La cascade se trouve à la sortie d'une gorge extrêmement étroite creusée par le Rio Pastaza à travers une ancienne coulée. Un pont passe juste au-dessus et permet d'apprécier la hauteur des gorges que nous estimons à 150/200m. Un petit zoo mal entretenu et réputé pour le manque de soins donné aux animaux essaie d'attirer les touristes de passage. De l'autre coté du pont, la route longe la rivière et l'on peut voir le mur de roche littéralement scié par la rivière qui entre dans les gorges avec furie. La chute d'eau est de l'autre côté. Un petit chemin difficilement identifiable descend à travers les rochers jusqu'à la marmite de géant creusée par l'eau. Le courant est terrible est forme un immense tourbillon avant de continuer sa descente moins tourmentée jusqu'à l'amazone.
Dès la nuit tombée, le froid refait son apparition nous faisant comprendre que nous sommes dans les Andes à 1850m d'altitude. Cette journée bien plus calme que les autres se terminera autour d'un Cuba Libre bien tassé au rhum équatorien et nous irons manger dans un pseudo restaurant méditerranéen servant des pizza et pâtes à une clientèle presque exclusivement étrangère. Avant de rentrer, on s'informe sur la possibilité d'aller voir l'éruption de nuit pour observer le cratère rougeoyant crachant de la roche en fusion. Le ciel étant couvert, l'agence organisatrice nous recommande de revenir un autre jour pour être certain que le sommet ne soit pas dans les nuages.

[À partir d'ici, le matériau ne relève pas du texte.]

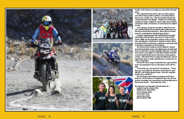 finally a ride between narrowly spaced parallel telegraph poles. The competitors then had to ride out of the parkour area where they needed to initiate a rear wheel skid to knock over a traffic cone. This was quickly followed by a zigzag through deep shingle. Perhaps not challenging enough, the same couldn’t be said for what was to follow; a fearsome climb of 30 metres, it could barely be climbed on foot. A second gear charge was needed to climb this mon- ster, quickly followed by careful throttle feathering over the near vertical last few metres. Those that succeeded were the contenders for the final six positions. It wasn’t surprising that this challenged the strength and ability of many riders, none more so than overall leader, Nikki van der Spek who crashed on the very last turn, handing the overall win to Isabella Londono Rivas. It mattered little as both were confirmed as going through to the final competition in New Zealand. The lower placed positions saw the tightest competi- tion with Australia’s Andrea Box fighting her way through from seventh after an almost faultless final lap. The pace was frenetic and caught out both Klara Finkele from Brit- ain and Chantel Blake from South Africa in the parkour section. This allowed Box to jump into fifth place, knock- ing Finkele down to sixth and Blake into seventh and out of the competition. For Box it’s been a huge month that has capped off four years of preparing for her second chance at the GS Tro- phy. “Two weeks ago, I got married,” she grinned. “Seven days ago, we bought our first house and today I’ve qual- ified for a GS Trophy Female Team – it’s been a massive month, I’m so excited!” The GS Trophy must always see winners and losers however, it’s the nature of competition that sees all com- petitors returning, the camaraderie and friendship that is the greatest aspect … that make life a ride … The final six to go through to New Zealand are – Isabella Londono Rivas (COL) Nikki van der Spek (NLD) Claire Bichard (FRA) Lisa Taylor (USA) Andrea Box (AUS) Klara Finkele (GBR) NEWS MAGAZINE 79 TRAVERSE 79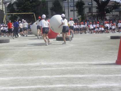最後は、全校児童による「大玉送り」です。全員の力を一つにして、がんばりました!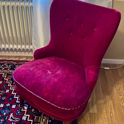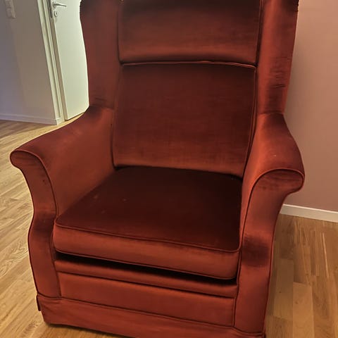 Två stycken vinröda sammetsfåtöljer av äldre modell, i det närmaste antika. Vet ej exakt år men gissningsvis från första halvan av 1900-talet. Finns även en liten hörnsoffa (samma tyg) som troligtvis är något äldre än fåtöljerna, samt ett runt bord. Fåtöljerna säljs antingen separat eller tillsammans med soffan och bordet. Mycket fin möbelgrupp som vi tyvärr inte har plats för.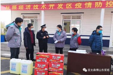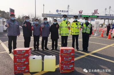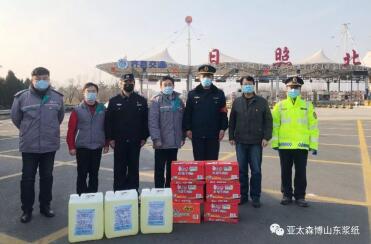 2月10日下午,亞太森博(山東)漿紙有限公司防疫領(lǐng)導(dǎo)小組、公司黨委組織部分黨員和志愿者代表到日照城區(qū)主要高速公路出口防控檢查站,慰問堅(jiān)守在疫情防控一線的公安、交通、衛(wèi)生防疫等執(zhí)勤人員,向他們表達(dá)最誠(chéng)摯的敬意并捐贈(zèng)消毒液、防疫器材和食品等,為他們加油鼓勁。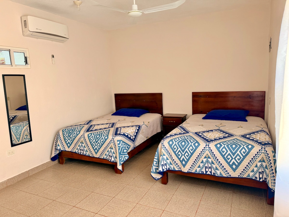 Departamento pequeño pero acogedor, ideal para una estancia cómoda y funcional. Cuenta con una recámara con dos camas matrimoniales, aire acondicionado y TV , perfecta para descansar después de un día largo. Incluye una cocina equipada con todo lo necesario para preparar tus alimentos, con un comedor práctico para disfrutar de tus comidas. Además, dispone de un baño completo con agua caliente disponible en todo momento. Pensado para brindarte comodidad, practicidad y una estancia agradable.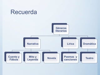 Este documento presenta diferentes géneros literarios narrativos. Explica que el cuento es una historia breve en prosa con inicio, nudo y desenlace. Los cuentos tradicionales se transmiten oralmente y pueden ser maravillosos, de animales o de fórmulas. La fábula también usa animales que actúan como personas y termina con una moraleja. Los mitos y leyendas son narraciones imaginarias del pasado que explican fenómenos naturales. La novela es una larga narración con personajes complejos en un contexto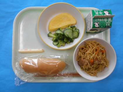 今日のメニューは、コッペパン、ぎゅうにゅう、やきそば、ドレッシングサラダ、オムレツです。やきそばは大人気で、おかわりをしていう子供たちが多くいました。

Allant de surprise en surprise, nous retrouvons notre ami hollandais Jan, de Biking Dutchman, qui accompagne des belges séjournant à notre hôtel. On discute un peu ensemble. Il nous apprend que l'ambassade de Belgique fait souvent appel à ses services pour aider les belges néerlandophones dans les tâches administratives ou en cas de rapatriement. Cette fois, il accompagne des parents dont leur fils a été tué en faisant le tour de l'Equateur à vélo. Le drame s'est passé dans l'ouest du pays sur la route réputée dangereuse reliant Quito à la cote pacifique nord. Le gars était seul sur la route avec tous les bagages accrochés au vélo. Le malheureux s'est fait massacrer à la machette par deux gosses. Heureusement, un tel acte de barbarie est extrêmement rare et le manque de précautions pris par le belge lui a été fatal. Comme toujours en Equateur, la moindre erreur est immédiatement payée cash. Les parents refont le parcours du fils avec Jan qui les guide dans leur pèlerinage. Ils transportent aussi une dalle commémorative qui sera déposé à l'endroit du drame mais que Jan a cassée en allant voir l'éruption avec sa 4x4. Par chance, un tailleur de pierre de Banos peut réparer les dégâts et il ne dira rien aux parents déjà très touchés.
Nous profitons de la présence du patron de l'hôtel pour lui confier notre argent et le mettre au coffre. Grave erreur. N'étant jamais là, nous aurons toutes les difficultés pour récupérer nos biens lorsque nous en avons besoin. Banos étant très développé, on ira chercher de l'argent aux ATM plutôt que d'essayer de trouver le patron.